◆ Exercise brief ◆
For the entries that follow, restate word for word the line containing "Looox Wood collection", the line containing "This budget baby", and every line that lies between them.

** Opening Working data block **

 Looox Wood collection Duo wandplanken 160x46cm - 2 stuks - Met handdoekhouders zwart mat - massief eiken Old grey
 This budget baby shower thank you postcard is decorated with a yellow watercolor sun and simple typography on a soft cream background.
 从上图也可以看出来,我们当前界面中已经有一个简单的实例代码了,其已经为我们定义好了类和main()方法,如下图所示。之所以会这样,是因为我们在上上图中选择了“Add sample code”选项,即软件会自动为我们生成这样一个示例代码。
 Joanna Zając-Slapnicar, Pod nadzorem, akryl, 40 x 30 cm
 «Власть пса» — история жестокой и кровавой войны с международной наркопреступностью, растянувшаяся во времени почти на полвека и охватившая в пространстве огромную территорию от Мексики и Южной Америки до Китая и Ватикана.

** Closing Working data block **
** Opening Working data block **

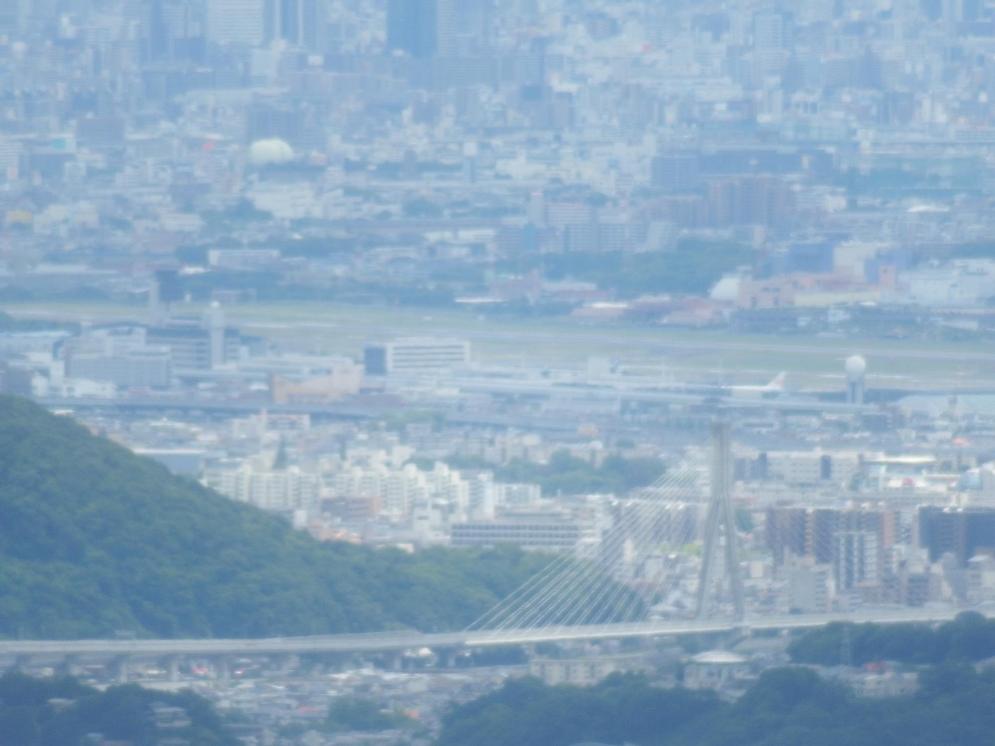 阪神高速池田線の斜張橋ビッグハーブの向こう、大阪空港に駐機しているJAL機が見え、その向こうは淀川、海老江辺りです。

** Closing Working data block **
** Opening Working data block **

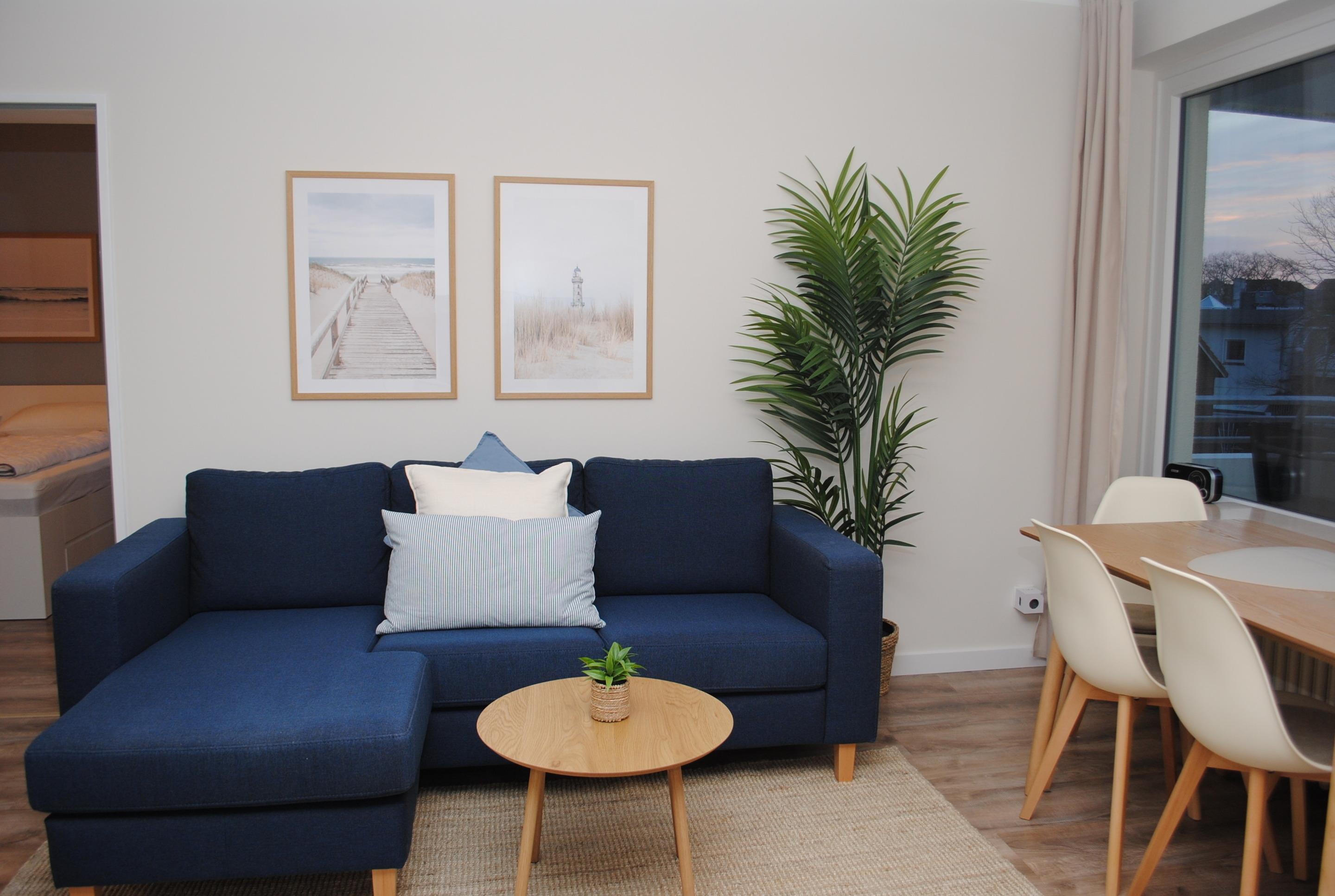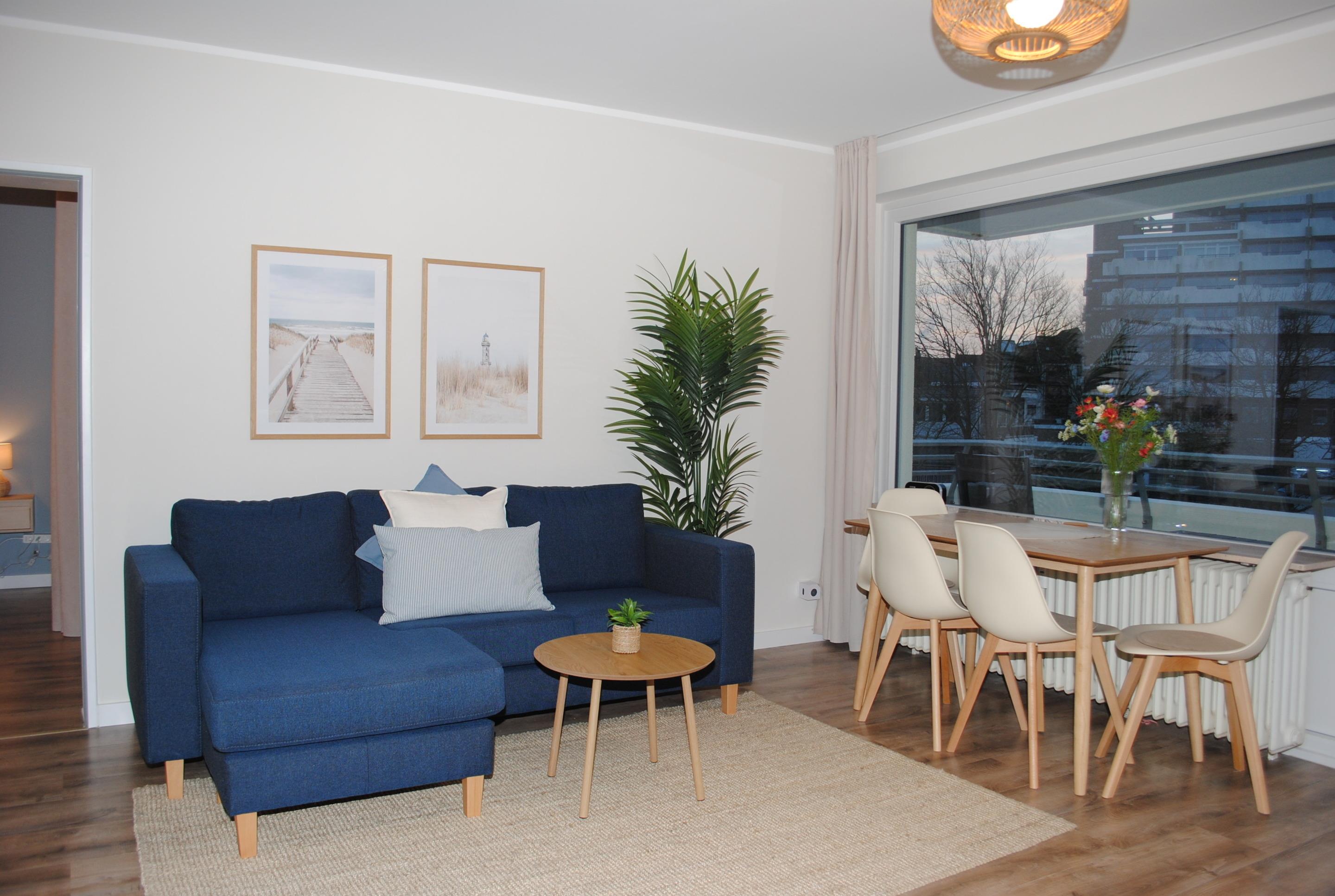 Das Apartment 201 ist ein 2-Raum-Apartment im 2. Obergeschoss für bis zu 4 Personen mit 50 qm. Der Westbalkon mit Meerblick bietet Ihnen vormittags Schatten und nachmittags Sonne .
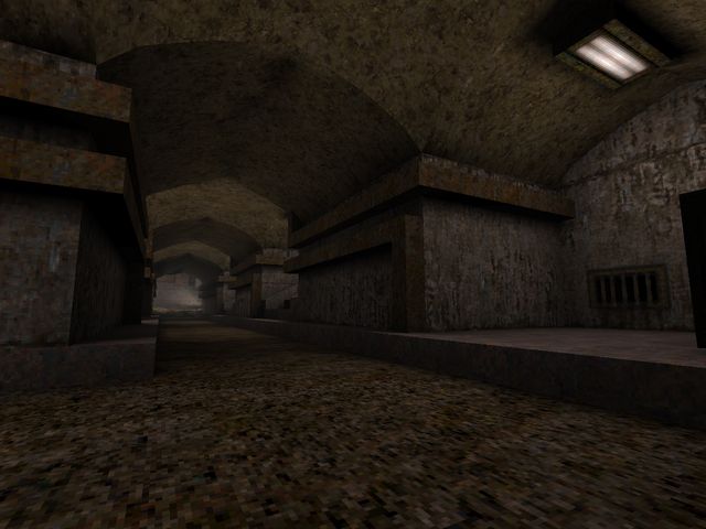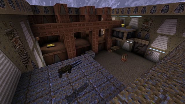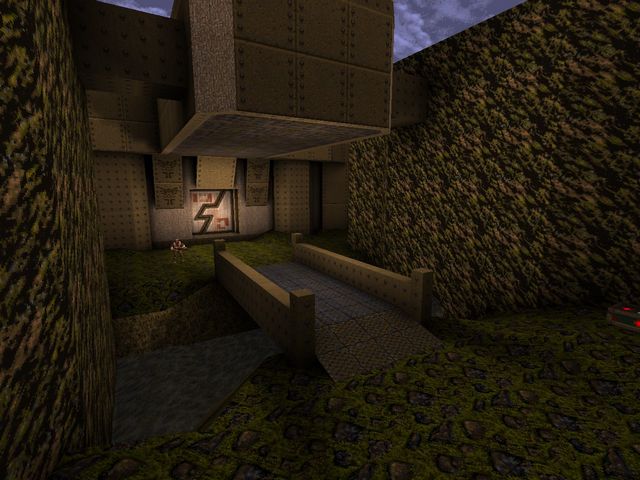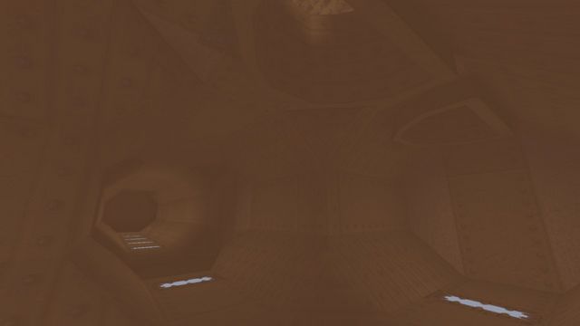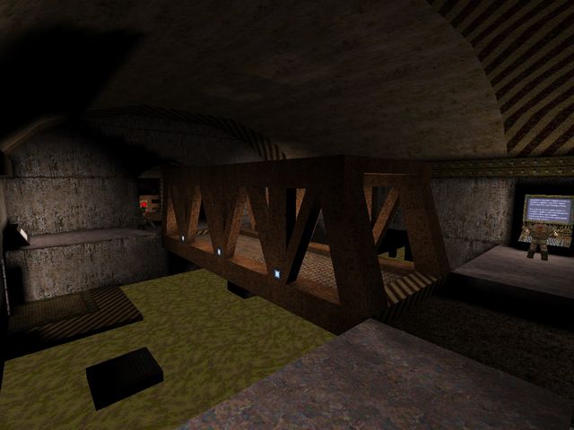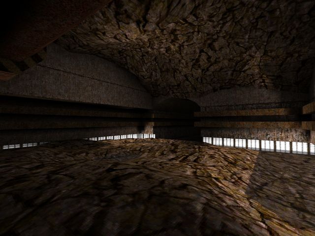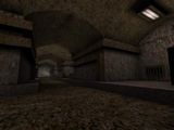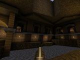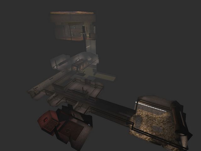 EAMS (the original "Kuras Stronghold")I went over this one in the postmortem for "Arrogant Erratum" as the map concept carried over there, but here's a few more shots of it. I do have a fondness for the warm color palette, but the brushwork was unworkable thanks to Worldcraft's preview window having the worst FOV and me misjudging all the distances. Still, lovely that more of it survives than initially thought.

** Closing Working data block **

◆ Worked solution ◆
 Looox Wood collection Duo wandplanken 160x46cm - 2 stuks - Met handdoekhouders zwart mat - massief eiken Old grey
 This budget baby shower thank you postcard is decorated with a yellow watercolor sun and simple typography on a soft cream background.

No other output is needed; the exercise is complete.